Profiling help required

Asked 15/6, 2010 at 16:51 Answered 8/3, 2013 at 21:26

Solved c++c visual-studio-2008 intel-vtune

I have a profiling issue - imagine I have the following code...

void main()
{
    well_written_function();
    badly_written_function();
}
void well_written_function()
{
    for (a small number)
    {
        highly_optimised_subroutine();
    }
}
void badly_written_function()
{
    for (a wastefully and unnecessarily large number)
    {
        highly_optimised_subroutine();
    }
}
void highly_optimised_subroutine()
{
    // lots of code
}

If I run this under vtune (or other profilers) it is very hard to spot that anything is wrong. All the hotspots will appear in the section marked "// lots of code" which is already optimised. The badly_written_function() will not be highlighted in any way even though it is the cause of all the trouble.

Is there some feature of vtune that will help me find the problem?

Is there some sort of mode whereby I can find the time taken by badly_written_function() and all of its sub-functions?

Yellowhammer answered 15/6, 2010 at 16:51 Comment(6)

That's usually known as a "callgraph profile", and I'm fairly sure Visual Studio will do that.

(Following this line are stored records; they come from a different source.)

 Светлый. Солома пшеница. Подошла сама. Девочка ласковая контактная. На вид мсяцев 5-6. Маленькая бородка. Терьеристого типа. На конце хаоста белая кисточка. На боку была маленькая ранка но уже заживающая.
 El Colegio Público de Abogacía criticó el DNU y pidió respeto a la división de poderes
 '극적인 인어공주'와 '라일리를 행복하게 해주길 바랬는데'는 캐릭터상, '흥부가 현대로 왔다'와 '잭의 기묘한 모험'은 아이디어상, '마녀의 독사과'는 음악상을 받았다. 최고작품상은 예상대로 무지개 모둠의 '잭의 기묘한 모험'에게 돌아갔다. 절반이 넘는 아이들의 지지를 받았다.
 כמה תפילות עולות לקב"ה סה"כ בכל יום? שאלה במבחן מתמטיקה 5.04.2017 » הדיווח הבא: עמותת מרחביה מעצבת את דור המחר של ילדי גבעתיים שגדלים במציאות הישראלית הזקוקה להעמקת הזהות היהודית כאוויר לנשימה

Although my memory is a bit hazy since it's been several years since I've done any Windows development. – Towel 15/6, 2010 at 17:0

I'm pretty sure vtune allows a breakdown where you can see and sort by the total time consumed including the functions that it calls. However, for that to be of use, you need a reasonable intuituion of how much time should be spent in which function. – Unpretentious 15/6, 2010 at 17:6

@torak: can remember the name of the feature? - I do have a rough grasp of how long certain functions should take so I am sure that such a breakdown would be very useful indeed. – Yellowhammer 15/6, 2010 at 17:11

The world would be a better place if Valgrind worked in Windows. – Trainload 15/6, 2010 at 17:57

@Mick: Sorry, can't recall off the top of my head. I'll try to remember to fire up VTune and check when I get home. – Unpretentious 15/6, 2010 at 18:23

@Mike Seymour: Yes, it looks like "call graph profile" is the concept I was looking for. I have just found it in the vtune help files and am playing with it right now. You should put your suggestion as an answer rather than a comment and I will mark it as correct so you can get the reputation points. – Yellowhammer 16/6, 2010 at 9:27

That's usually known as a "callgraph profile", and I'm fairly sure Visual Studio will do that.

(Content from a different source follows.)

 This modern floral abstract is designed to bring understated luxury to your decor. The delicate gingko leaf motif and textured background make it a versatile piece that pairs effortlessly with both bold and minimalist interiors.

Towel answered 16/6, 2010 at 10:51 Comment(0)

Rolling your own very simple profiler is not that hard. Insert into main():

int main()
{
    profileCpuUsage(1);                 // start timer #1
    well_written_function();
    profileCpuUsage(2);                 // stop timer #1, and start timer #2
    badly_written_function();
    profileCpuUsage(-1);                // print stats for timers #1 and #2
    return 0;
}

where:

#define NUMBER(a) ((int)(sizeof(a) / sizeof(a)[0]))

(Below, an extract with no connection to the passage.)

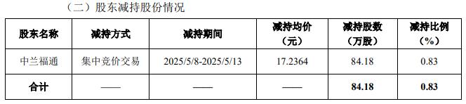 公告显示,5月8日至5月13日,股东中兰福通通过集中竞价交易减持84.18万股,减持均价17.2364元/股。经计算,中兰福通减持金额共计1450.96万元。
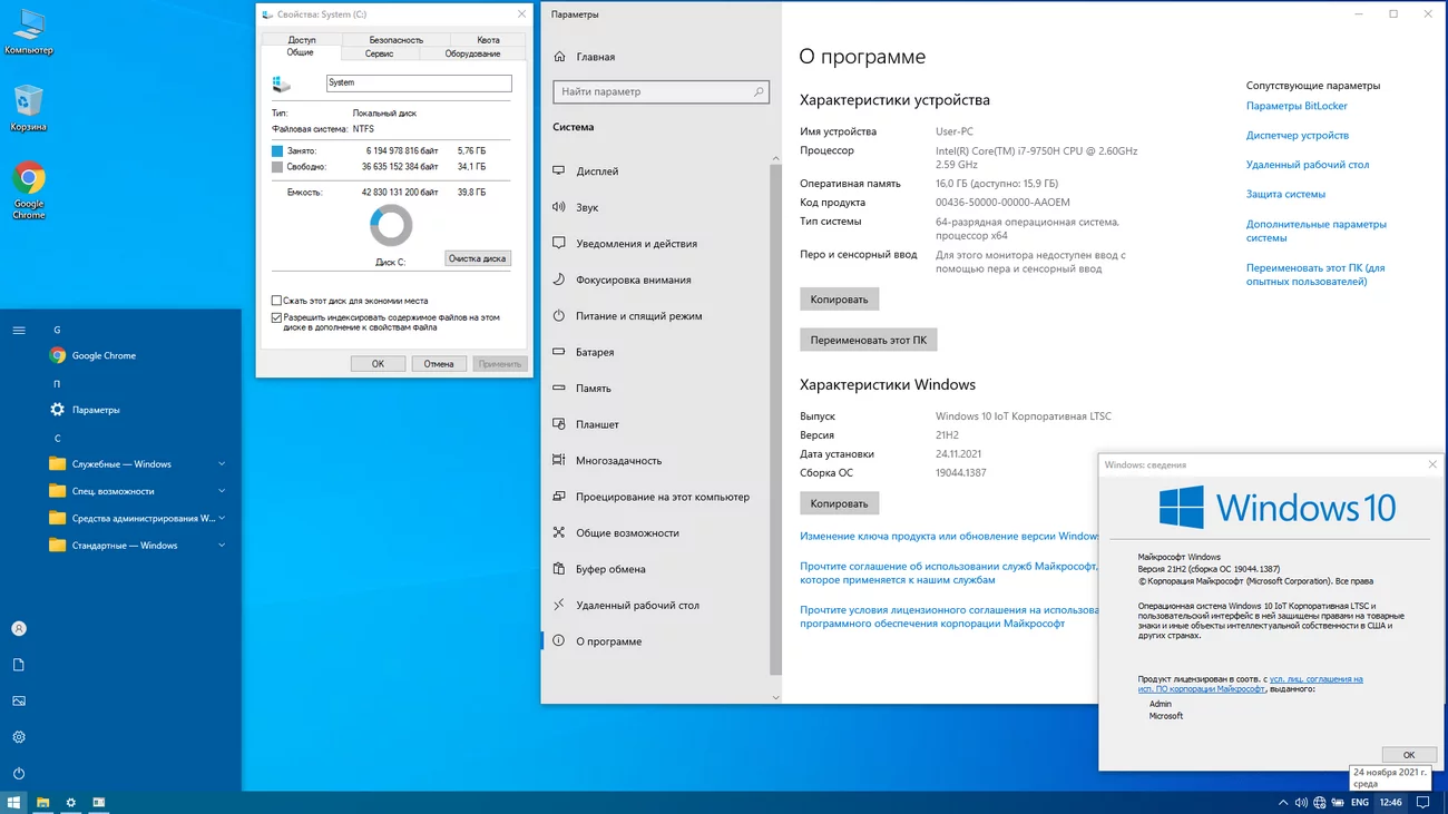 - Сборка основана на оригинальном образе Microsoft: ru-ru_windows_10_enterprise_LTSC_2021_x64_dvd_5044a1e7.iso

void profileCpuUsage(int slice)
{
    static struct {
        int iterations;
        double elapsedTime;
    } slices[30];                             // 0 is a don't care slice

    if (slice < 0) {                          // -1 = print
        if (slices[0].iterations)
            for (slice = 1; slice < NUMBER(slices); slice++)
                printf("Slice %2d  Iterations %7d  Seconds %7.3f\n", slice,
                    slices[slice].iterations, slices[slice].elapsedTime);
    }
    else {
        static int i;                         // = previous slice
        static double t;                      // = previous t1
        const double t1 = realElapsedTime();  // see below for definition
        assert (slice < NUMBER(slices));
        slices[i].iterations  += 1;
        slices[i].elapsedTime += t1 - t;      // i = 0 first time through
        i = slice;
        t = t1;
    }
}

Now admittedly in your simple example using this profileCpuUsage() doesn't add much benefit. And it has disadvantage of requiring you to manually instrument your code by calling profileCpuUsage() at suitable locations.

But advantages include:

You can time any code fragment, not just procedures.
It is quick to add and delete, as you do a binary search to find and/or remove code hotspots.
It focuses only on the code you are interested in.
Portable!
KISS

One tricky non-portable thing is to define the function realElapsedTime() so that it provides enough granularity to get valid times. This generally works for me (using the Windows API under CYGWIN):

#include <windows.h>
double realElapsedTime(void)   // <-- granularity about 50 microsec on test machines
{
    static LARGE_INTEGER freq, start;
    LARGE_INTEGER count;
    if (!QueryPerformanceCounter(&count))
        assert(0 && "QueryPerformanceCounter");
    if (!freq.QuadPart) {      // one time initialization
        if (!QueryPerformanceFrequency(&freq))
            assert(0 && "QueryPerformanceFrequency");
        start = count;
    }
    return (double)(count.QuadPart - start.QuadPart) / freq.QuadPart;
}

For straight Unix there is the common:

double realElapsedTime(void)                      // returns 0 first time called
{
    static struct timeval t0;
    struct timeval tv;
    gettimeofday(&tv, 0);
    if (!t0.tv_sec)
        t0 = tv;
    return tv.tv_sec - t0.tv_sec + (tv.tv_usec - t0.tv_usec) / 1000000.;
}

realElapsedTime() gives wall-clock time, not process time, which is usually what I want.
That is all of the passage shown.